The Global Poverty Act:
- Declares it official U.S. policy to promote the reduction of global poverty, the elimination of extreme global poverty, and the achievement of the U.N. Millennium Development Goal of cutting extreme global poverty in half by 2015;
- Requires the President to develop and implement a comprehensive strategy to carry out that policy;
- Includes guidelines for what the strategy should include--from aid, trade, and debt relief, to working with the international community, businesses and NGOs, to ensuring environmental sustainability;
- Requires that the President’s strategy include specific and measurable goals, efforts to be undertaken, benchmarks, and timetables; and
- Requires the President to report back to Congress annually on progress made in the implementation of the global poverty strategy.

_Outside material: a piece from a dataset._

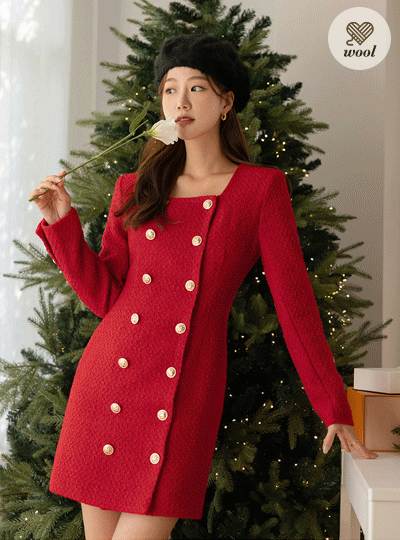 Holiday Gold Button Tweed Wool Dress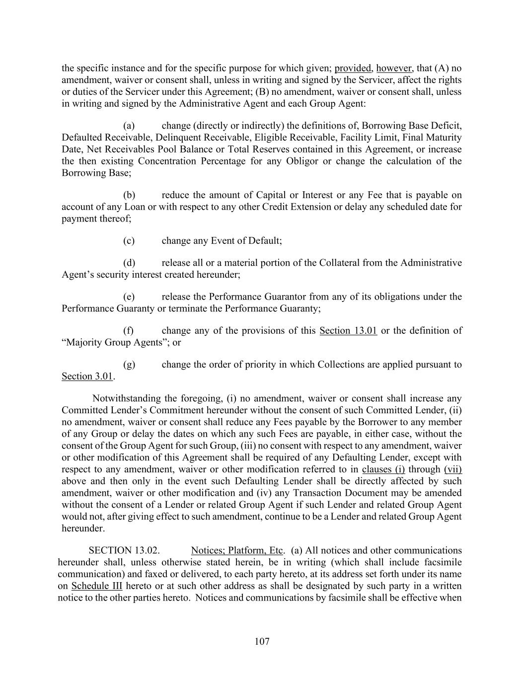 107 the specific instance and for the specific purpose for which given; provided, however, that (A) no amendment, waiver or consent shall, unless in writing and signed by the Servicer, affect the rights or duties of the Servicer under this Agreement; (B) no amendment, waiver or consent shall, unless in writing and signed by the Administrative Agent and each Group Agent: (a) change (directly or indirectly) the definitions of, Borrowing Base Deficit, Defaulted Receivable, Delinquent Receivable, Eligible Receivable, Facility Limit, Final Maturity Date, Net Receivables Pool Balance or Total Reserves contained in this Agreement, or increase the then existing Concentration Percentage for any Obligor or change the calculation of the Borrowing Base; (b) reduce the amount of Capital or Interest or any Fee that is payable on account of any Loan or with respect to any other Credit Extension or delay any scheduled date for payment thereof; (c) change any Event of Default; (d) release all or a material portion of the Collateral from the Administrative Agent’s security interest created hereunder; (e) release the Performance Guarantor from any of its obligations under the Performance Guaranty or terminate the Performance Guaranty; (f) change any of the provisions of this Section 13.01 or the definition of “Majority Group Agents”; or (g) change the order of priority in which Collections are applied pursuant to Section 3.01. Notwithstanding the foregoing, (i) no amendment, waiver or consent shall increase any Committed Lender’s Commitment hereunder without the consent of such Committed Lender, (ii) no amendment, waiver or consent shall reduce any Fees payable by the Borrower to any member of any Group or delay the dates on which any such Fees are payable, in either case, without the consent of the Group Agent for such Group, (iii) no consent with respect to any amendment, waiver or other modification of this Agreement shall be required of any Defaulting Lender, except with respect to any amendment, waiver or other modification referred to in clauses (i) through (vii) above and then only in the event such Defaulting Lender shall be directly affected by such amendment, waiver or other modification and (iv) any Transaction Document may be amended without the consent of a Lender or related Group Agent if such Lender and related Group Agent would not, after giving effect to such amendment, continue to be a Lender and related Group Agent hereunder. SECTION 13.02. Notices; Platform, Etc. (a) All notices and other communications hereunder shall, unless otherwise stated herein, be in writing (which shall include facsimile communication) and faxed or delivered, to each party hereto, at its address set forth under its name on Schedule III hereto or at such other address as shall be designated by such party in a written notice to the other parties hereto. Notices and communications by facsimile shall be effective when

During the 109th Congress, several key nongovernmental organizations (NGOs) supported Smith’s bill, including Bread for the World, CARE, the Population Institute, Mercy Corps, RESULTS, and Save the Children. Several faith groups also endorsed the bill during the last Congress, including the Episcopalian Church USA, the Evangelical Lutheran Church of America, Micah Challenge USA, Lutheran World Relief and United Methodist Church’s General Board of Church and Society. Smith anticipates continued support among groups concerned with global poverty in the 110th Congress.
Facts on Global Poverty:
- 2.7 billion people live on less than $2 per day.
- 1.1 billion people live in extreme poverty (less than $1 a day).
- More than 1 billion people lack access to clean drinking water.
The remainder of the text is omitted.